Castelli began looking for an answer to the location’s woes in 2017. First off, he established the three pillars of the company’s needs. The first pillar was that it had to be something new and fresh, exciting enough to draw traffic away from the other guys. Whatever solution they ended up with had to compete with the brand recognition enjoyed by the big brands and their appeal, their cachet.
The second pillar was related to the first – the solution had to boost profitability by either supporting a higher price or delivering a more robust margin or both, plus provide a strong ROI on the cost of the change that was obvious.
The third and last pillar was paramount. Home Service had to retain the control that this independent operator had enjoyed from the beginning.
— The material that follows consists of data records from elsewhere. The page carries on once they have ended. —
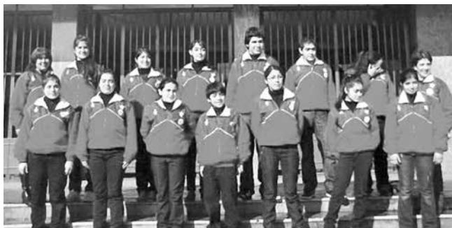
2009: Osorno. Frente Edificios Públicos.
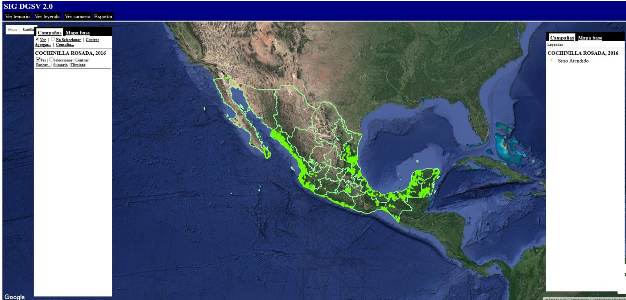
Figura 1: Estados donde se realizó muestreo para la detección de cochinilla rosada
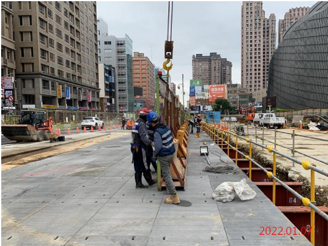
G11 站_站體覆工蓋鈹設置
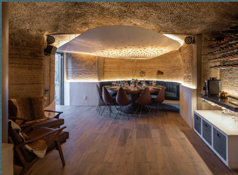
Cueva Fotocatalítica MM

2006 / CIUDAD DE MÉXICO / BGP ARQUITECTURA_AT103
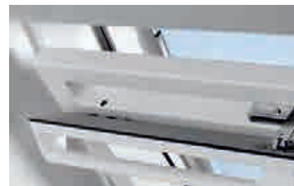
Вентиляционный клапан-форточка модели GPU.

Необходимо утеплить откосы и зазор между оконной коробкой и конструкциями кровли.
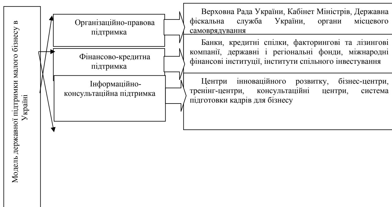
Рис. 2. Модель державної підтримки розвитку малого бізнесу в Україні

Загальна модель підтримки малого бізнесу в Україні наведена на рис. 2.
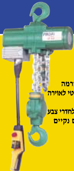
מנוף הרמה פניאומטי לאוירה נפיצה מיוחד לחדרי צבע וחדרים נקיים
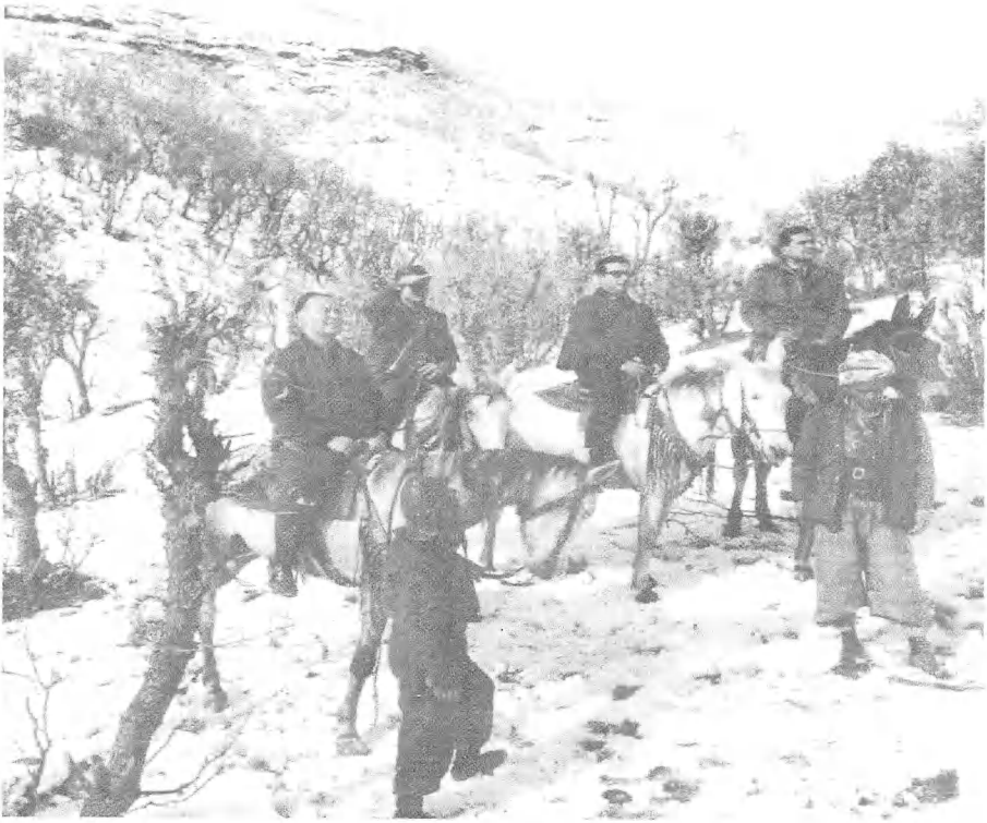
على البغال فى المقر الشتوى للبرزانى.
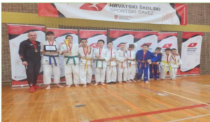
Slika 17: zlatni judaši

Knowing that the big oil brands were out of the question, Castelli began researching the so-called second-tier brands. He explored several old labels and some newer brands, and he needed to compare all options. What he found initially was disappointing. Nearly all options would provide the independence desired. Some programs allow for somewhat better margins, but none delivered on the brand image, the promise to increase traffic and support a better pricepoint.